You know what would go a long way? Make housing a shitty income source. Bring about heavy taxes on any additional livable property beyond the one you live in yourself. Ban all politicians from landlording - it’s a conflict of interest holding us all back. Ban corporations and foreign organizations from owning housing. You’d see a fire sale. Prices would plummet, and people who need housing would have a greater chance at it. Finally, get a fucking UBI going, and grow universal healthcare to include eye and dental care.
Enough is goddamn enough. We know who the problem is and it isn’t immigrants, it’s well-off folks taking and hoarding more than they need using their much larger disposable income and connections to take advantage of the rest of us.
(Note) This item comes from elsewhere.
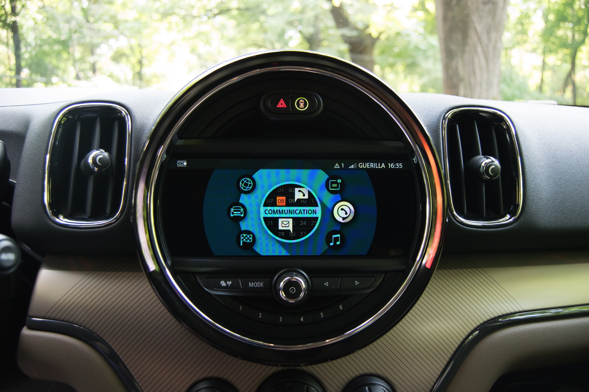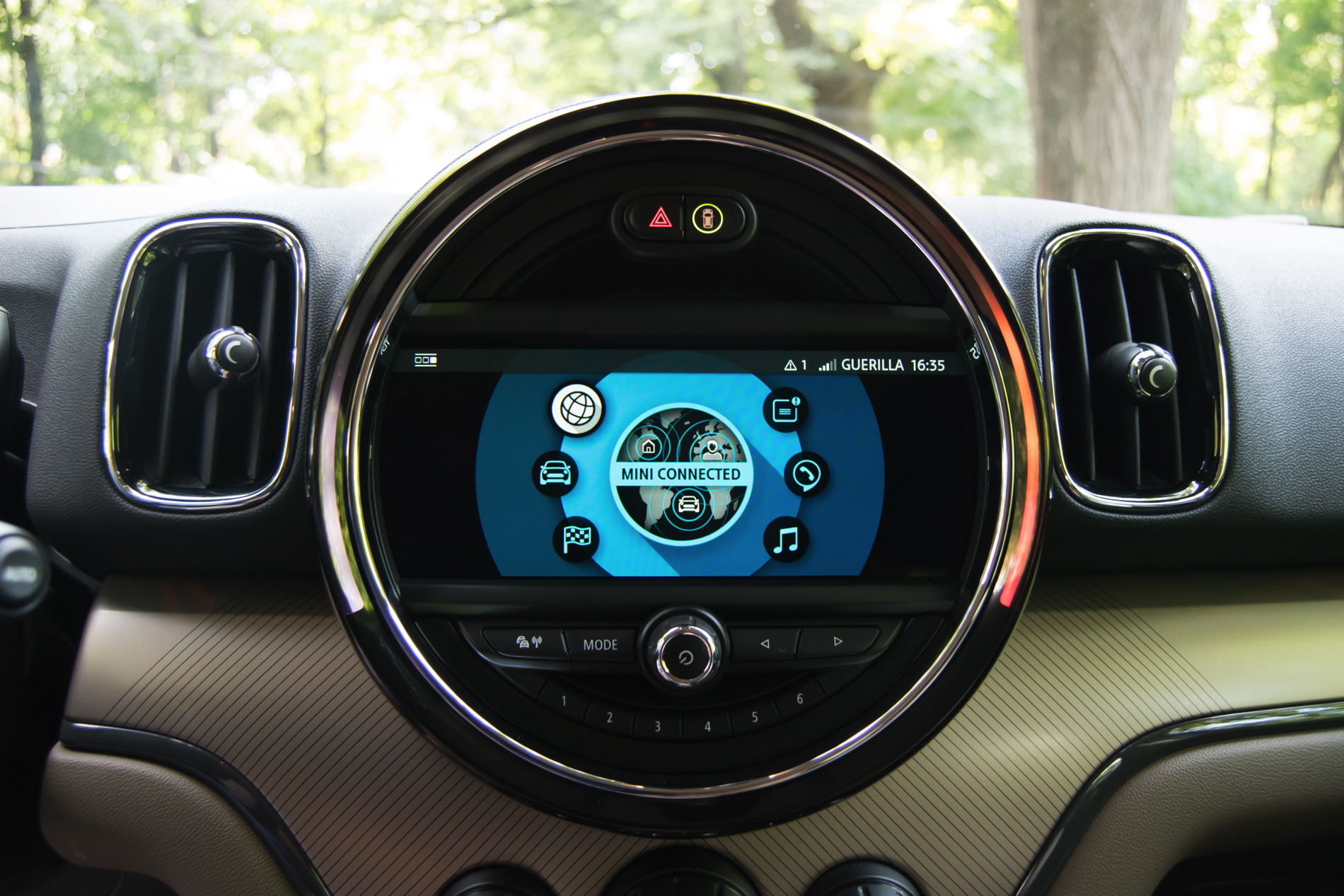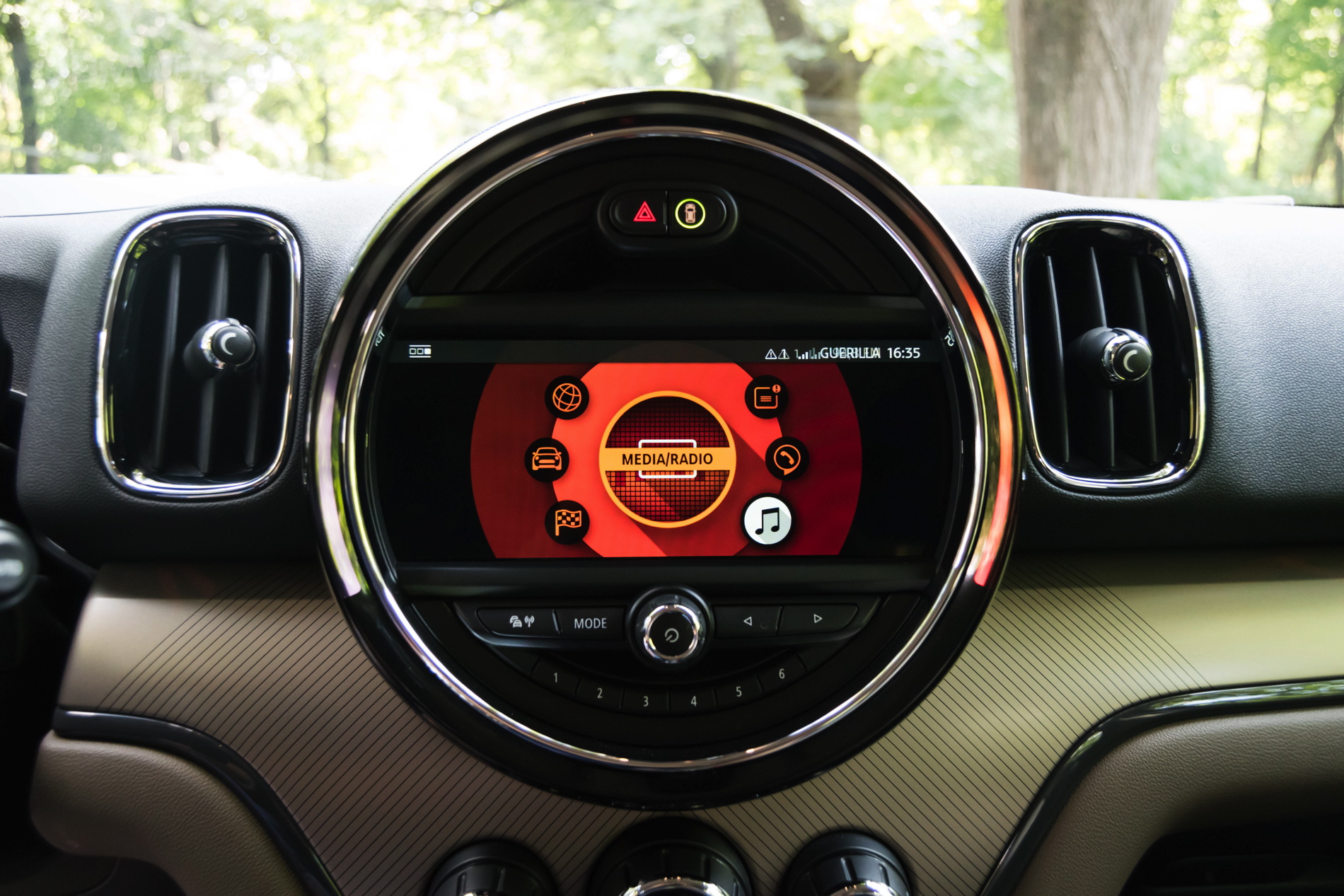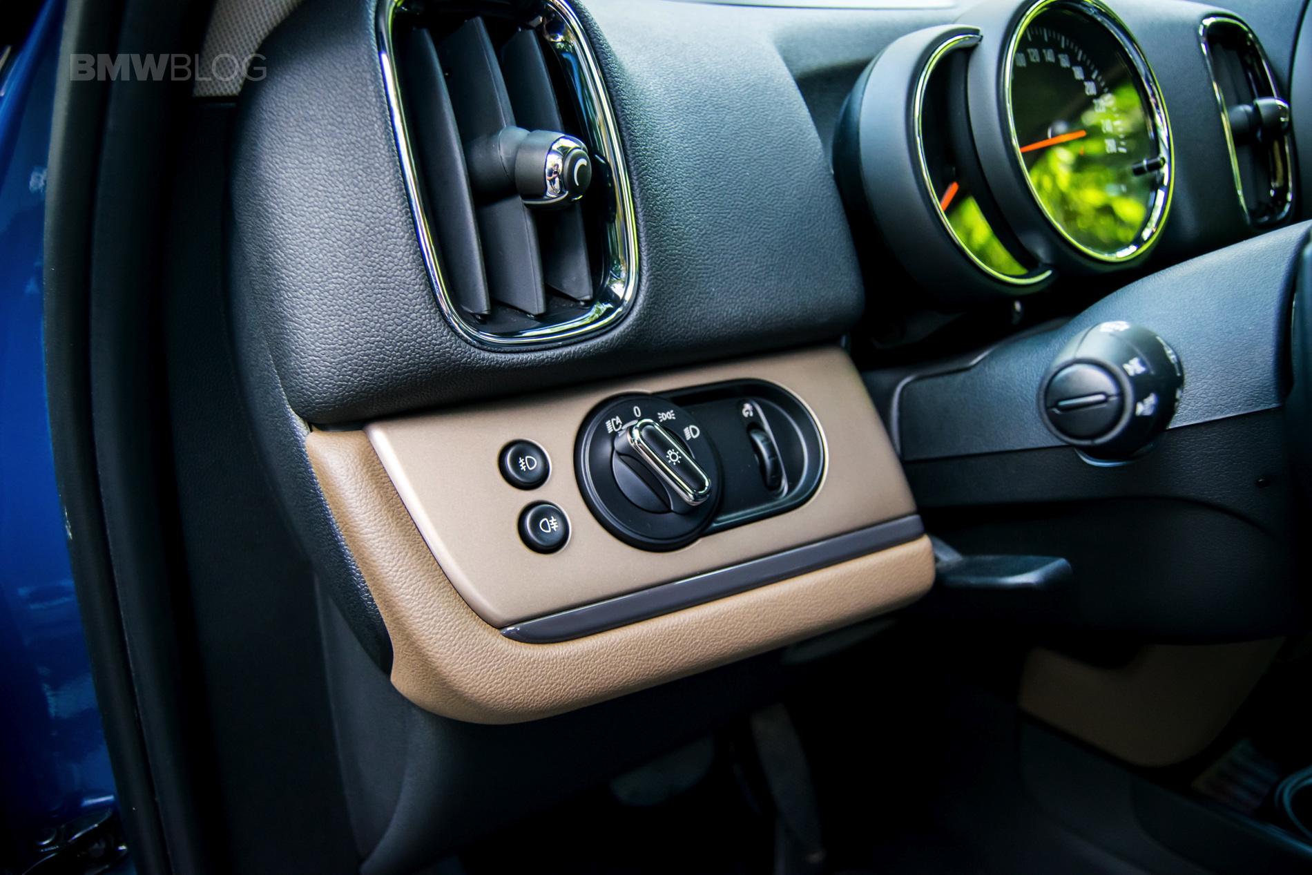 Speaking of buttons, the cabin remains a typical MINI environment, decked with toggle switches everywhere and offering plenty of customizing choices for the customers. The one that you notice immediately is one big piece sitting between the infotainment screen, top part of the dash and the start button. It’s a big trim piece which can be had in a variety of choices. In the case of our tester, it was beige with black stripes and it came alive at night, having blue and red LEDs behind it, giving a rather special feel altogether. Definitely a nice touch by MINI.

There are solutions to making Canadian’s lives better, and they’ll take work and time to make happen, but this continuous pissing in the wind isn’t getting us anywhere. We can do this civilly with hard work, or we can get to a breaking point and do things like 1789 France. One way another, the bullshit has got to go.
No, as in single family homes. If the building was expressly built with density in mind (think triplex and above) then it's fine IMO. This reduces the land scarcity side of the equation, as well as incentivizes density.
Yeah, we could do a Castro and just nationalise all rentals, in theory. Growing a government department that plays the role of every landlord at once would be a big project, though, and of course it's not politically viable at the moment. And we'd still have a housing shortage.
We did have UBI going. It set inflation in motion, as the naysayers always said it would, and we had to reel back.
UBI doesn't have have to cause inflation, but implementation has to be careful to ensure that. You can't throw any random desk jockey at the job and expect sunshine and rainbows. Trouble is, those who have the right skills aren't interested in doing the work. We don't subscribe to slavery, so...
Technically GMI, but we've always conflated the two. The study Ontario tired to conduct a few years ago, which was oft-referred to as a UBI study, was also GMI, not UBI, if you look at the implementation details. There are subtle differences, to be sure, but they probably don't make much difference in practice. The conflation isn't the result of them being radically different.
Further, when you have unskilled people doing the work, as we do, it is likely they would be unaware of the difference. So what differences do exist, even where impactful, are ultimately immaterial in any practical sense. Call it UBI, GMI, GBI, MBI, or the many other names thrown out there, and you'll get the same response every time: "You what? Oh, you want to give people money? Okay. Umm. I don't know what that entails, but I'll think of something!"